“The only difference between a rut and a grave is the
depth.”
Folk Wisdom
Folk Wisdom
One of the biggest stumbling blocks to creativity is routine,
being stuck in a mental rut. Same
habits, same influences, same old blah blah.
It leads to what the computer programmers used to call GIGO...garbage
in, garbage out. Pointless routines that
lead to useless programs.
The same is true in the world of creative efforts but for
most of us in this age of all-encompassing data, the garbage in question is rigid
patterns of information. The risk in our
time is being overwhelmed by repetitive input, which becomes numbing. Like watching endless reruns of the same TV
show, the information available to us can be entertaining but not inspiring. We can be stuffed without being sated. Redundant information is comforting but it is
rarely a boost to innovation.
Creative thinking, on the other hand, tends to thrive on the
new, the different, the unexpected. The
tid that does not quite fit the bit. In
this sense, all information is not equal but assessing the value of our input is
not easy. In a world swamped by canned
data, it is hard to break out of patterns and see new possibilities. To counteract this tendency, most innovators
become data brats – infornographers – who are always poking their noses where
they shouldn't. They have to do this to
get out of mental ruts. They know, or
intuitively sense, that injections of the unusual can wreck those cozy neural pathways
and force our brains to make new connections.
This is one of the reasons to study new things – another
language or a new instrument, for example – because going out of our
information comfort zones forces our complacent synapses to start reforming.

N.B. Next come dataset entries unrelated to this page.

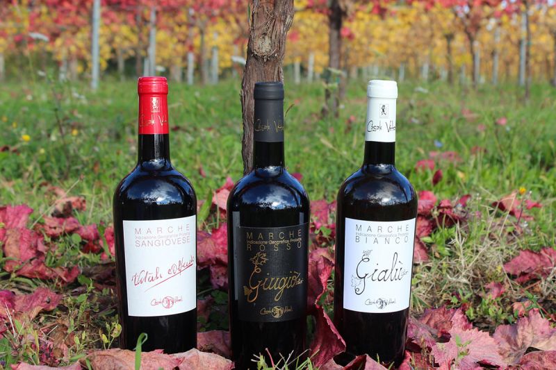 Marche Rosso 'Giugiò' (montepulciano, sangiovese) - Marche Bianco 'Celestiale' (pecorino) e 'Gialù' (pecorino) e 'Deviango' (sangiovese vinificato in bianco) - Marche Sangiovese 'Iakintos' - Spumante VSQ Metodo Classico Cuvée 'Mont’illì' - Spumante VSQ Metodo Classico Cuvée Nature 'Mont’illì'
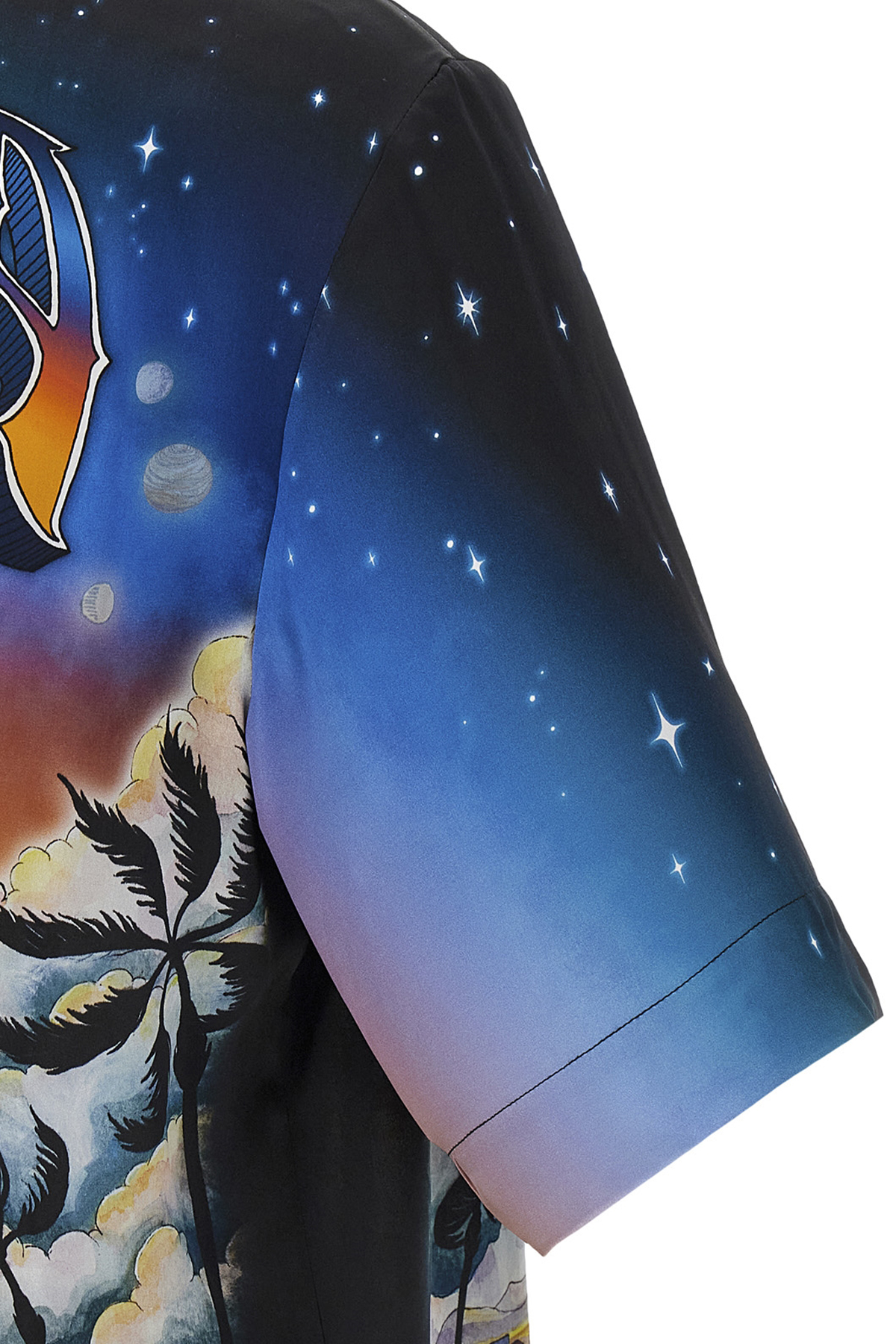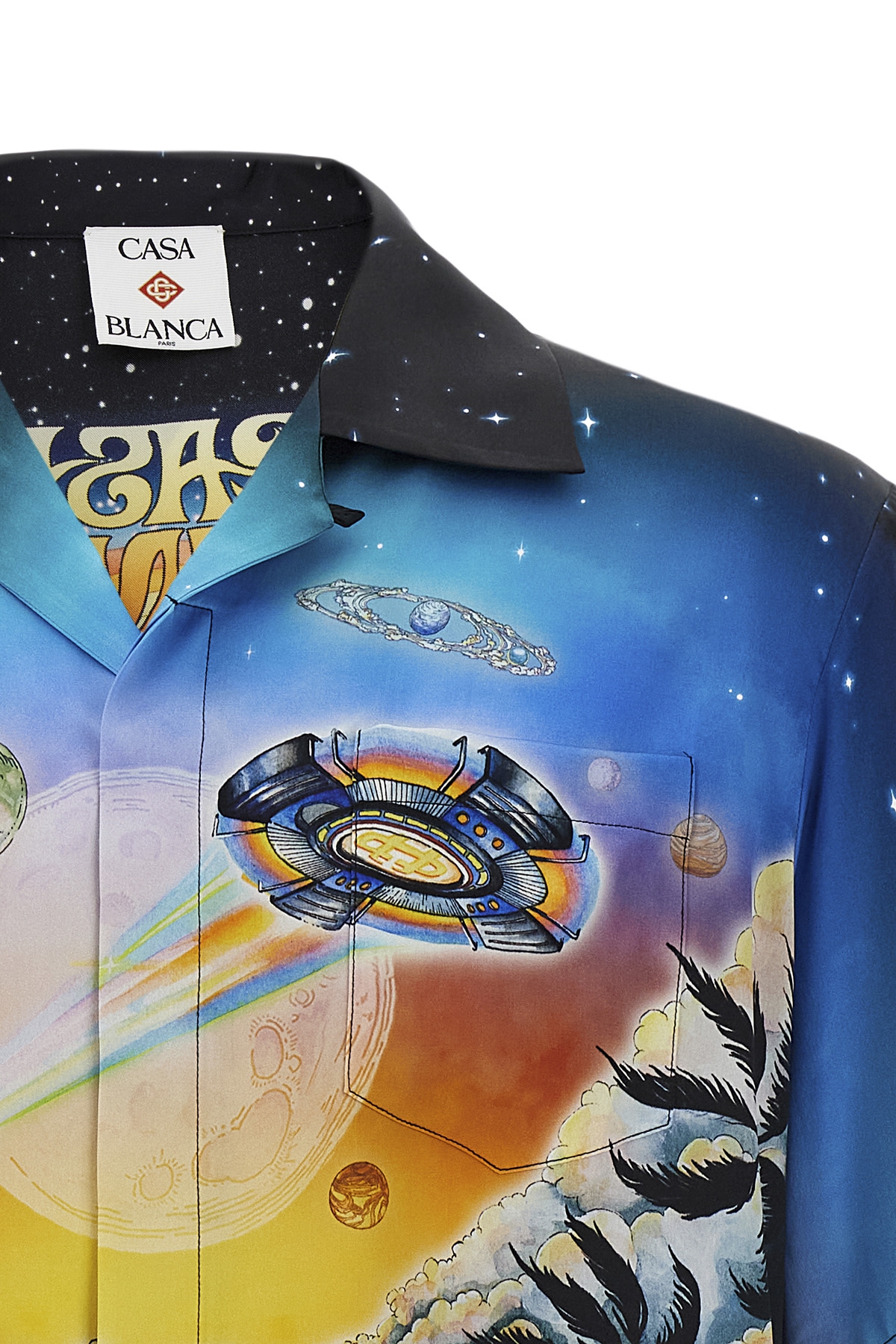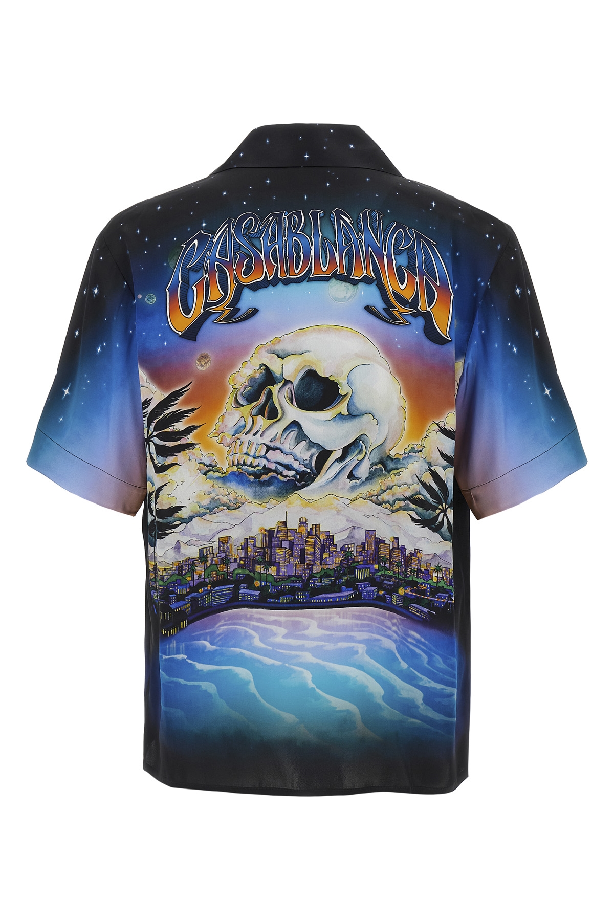 All-over 'LA Premonition' print silk shirt, button closure, chest pocket, and short sleeves.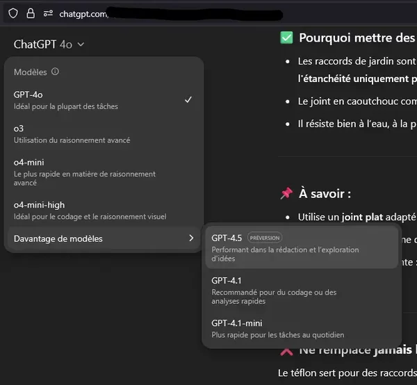 OpenAI propose aussi d’autres modèles moins connus (comme o3, o4-mini ou o4-mini-high, 4.1, 4.1-mini), souvent réservés aux développeurs ou aux entreprises. Ils sont spécialisés dans le raisonnement mathématique, l’analyse de données ou la rédaction empathique.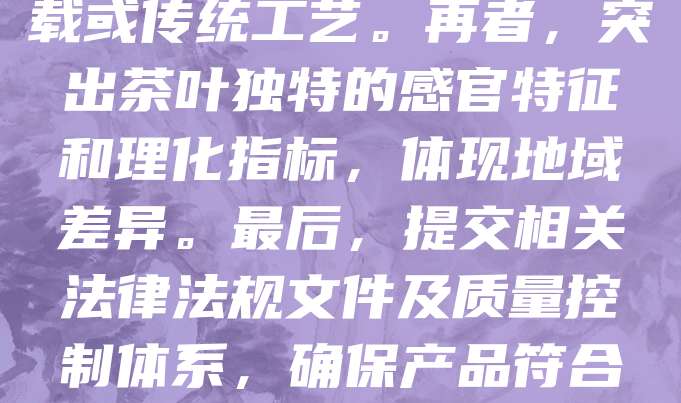 茶叶地理标志申请需注重产地独特性、历史传承与品质特色。首先,明确地理范围,确保产品产自特定区域,具有不可替代的自然环境和人文因素。其次,提供历史渊源证明,如古籍记载或传统工艺。再者,突出茶叶独特的感官特征和理化指标,体现地域差异。最后,提交相关法律法规文件及质量控制体系,确保产品符合国家标准。申请时应由地方政府或行业协会牵头,联合生产者共同申报,以增强权威性和代表性。通过规范流程,有效保护地方特色茶叶品牌,促进产业可持续发展。

When I first wrote this, I accidentally typed the phrase
“explose yourself to new data.” Not a
bad mistake. Exposing does in fact explode
the norm and open the way to new discoveries.
One nice thing about “explosing” yourself is that it is easy to do. You don't have to scour the world for it,
unless you enjoy world scouring. Plenty
of creative work has been done within a narrow, routine lifestyle. Immanuel Kant, the philosopher, never left his
small town of Konigsberg; neighbors said they could set their watches by his
routines. But Kant’s creative work was
not to be found in his daily habits or his travels; it was in his thinking and
writing informed by reading everything, especially the philosophers he most
disliked.
A good way to approach this habit is by exploring what you
don’t get, can’t fathom, or vehemently disagree with. This relies on an appetite for discomfort well
known by explorers and stand-up comics but if you don’t have that innately, you
can force yourself to do it. Make an
effort to explose yourself to the unusual, the unfamiliar, even the
uncomfortable. New news. Stuff that shakes you up and challenges your
assumptions.
This is more difficult than it sounds in a world in which we
are inundated with packaged information.
Through TV, movies, and the web, we are mostly passive recipients of
pre-planned edutainment. Fascinating
stuff and some of it inspiring, but overall it can easily become a rut of slick
commercial forms and formats. For
creative work to work, we need to get out of these ruts by delving into new,
even unusual and offbeat, input. New
news, crackpot websites, kooky zines, unfamiliar images and texts, alien
cultures, unfamiliar pasts. Stuff that
shakes us up and out of the standard patterns of information processing and
allows the brain to go hog-wild now and again.
That is why parents who want to foster creativity in their
kids make sure to have rich and varied stimuli around not just TV and video
games, plus materials for actually making as opposed to simply using
things. With this in mind we can be
fostering parents for ourselves as adults.
It is not always pleasant to indulge in the uncomfortable but
it can be enlightening and push us in new directions. It is that habit of explosing, of actively seeking
out the unfamiliar, that goes into our Ingenarium.